Skarga w trzech krokach
Do kogo może się zwrócić poszkodowany przez instytucje finansowe
Krok pierwszy: reklamacja
Ze swoją skargą najpierw trzeba się zwrócić do instytucji, której ona dotyczy. W większości banków reklamację można złożyć osobiście w oddziale stacjonarnym, telefonicznie, listownie, e-mailowo lub za pośrednictwem systemu bankowości elektronicznej. Powinny się w niej znaleźć dane identyfikacyjne i adresowe klienta, numer rachunku bankowego i karty płatniczej. Trzeba też napisać, który produkt lub zachowanie banku ma podlegać reklamacji i z jakich względów. Trzeba też przedstawić nasze oczekiwania wobec banku.

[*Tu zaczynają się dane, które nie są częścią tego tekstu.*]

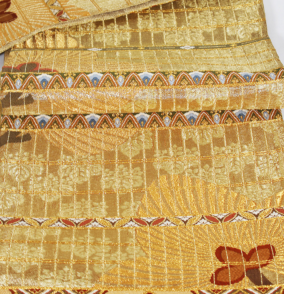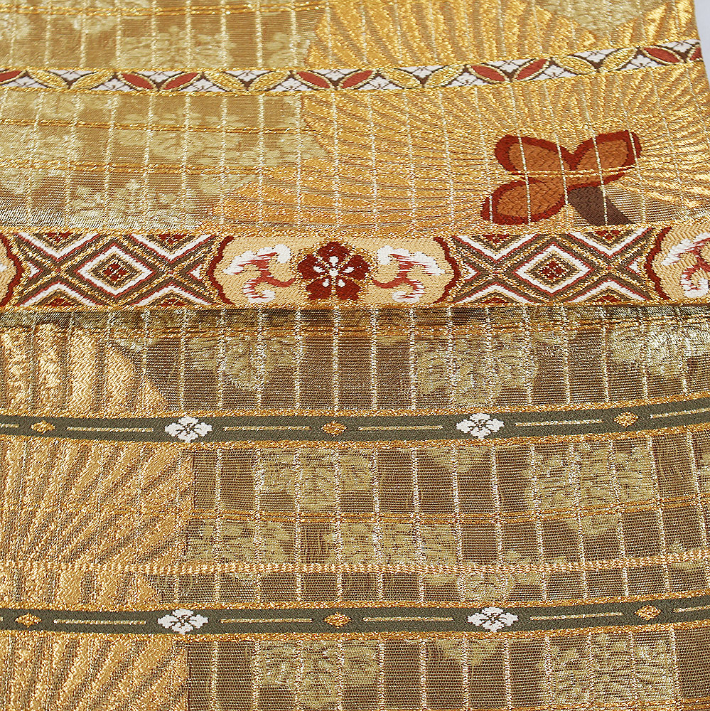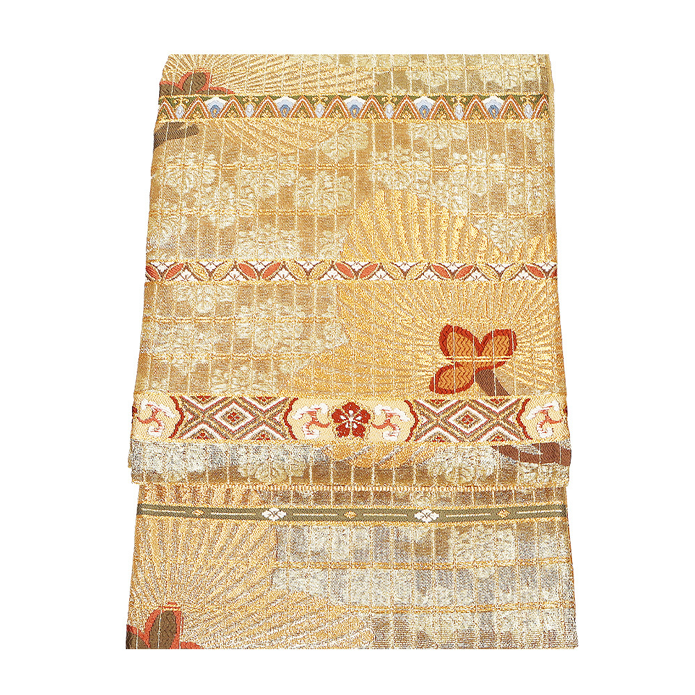 | 西陣織袋帯 金・緑地 松・桐・パルメット唐草文様 未使用品 仕立て上がり | |

Zgodnie z przyjętą w 2015 r. Ustawą o rozpatrywaniu reklamacji przez podmioty rynku finansowego i rzeczniku finansowym, banki czy towarzystwa ubezpieczeniowe mają maksymalnie 30 dni na rozpatrzenie reklamacji i wysłanie swojej odpowiedzi listem lub – jeśli klient wyrazi zgodę – e-mailem. W wyjątkowych sytuacjach mogą mieć 60 dni.
– Instytucje nie mogą jednak samowolnie wydłużać procedury. Muszą w ciągu 30 dni poinformować klienta, dlaczego potrzebują więcej czasu na rozpatrzenie reklamacji i odpowiednio to uzasadnić – zastrzega Agnieszka Wachnicka, dyrektor wydziału klienta rynku bankowo-kapitałowego w Biurze Rzecznika Finansowego. – Argumentem może być np. konieczność skontaktowania się z organizacją kartową czy właścicielem bankomatu, czyli podmiotami trzecimi, które również potrzebują czasu na pisemną odpowiedź. Jeśli bank nie zdąży odpowiedzieć na reklamację w ciągu 30 czy 60 dni, reklamacja jest uznawana automatycznie za rozpatrzoną na korzyść klienta, a wtedy może on dochodzić swoich roszczeń.
Przed wejściem w życie ustawy standardem było rozpatrywanie reklamacji w ciągu 90 dni, a w bardziej skomplikowanych przypadkach odpowiedź przychodziła nawet po 4–6 miesiącach od złożenia skargi.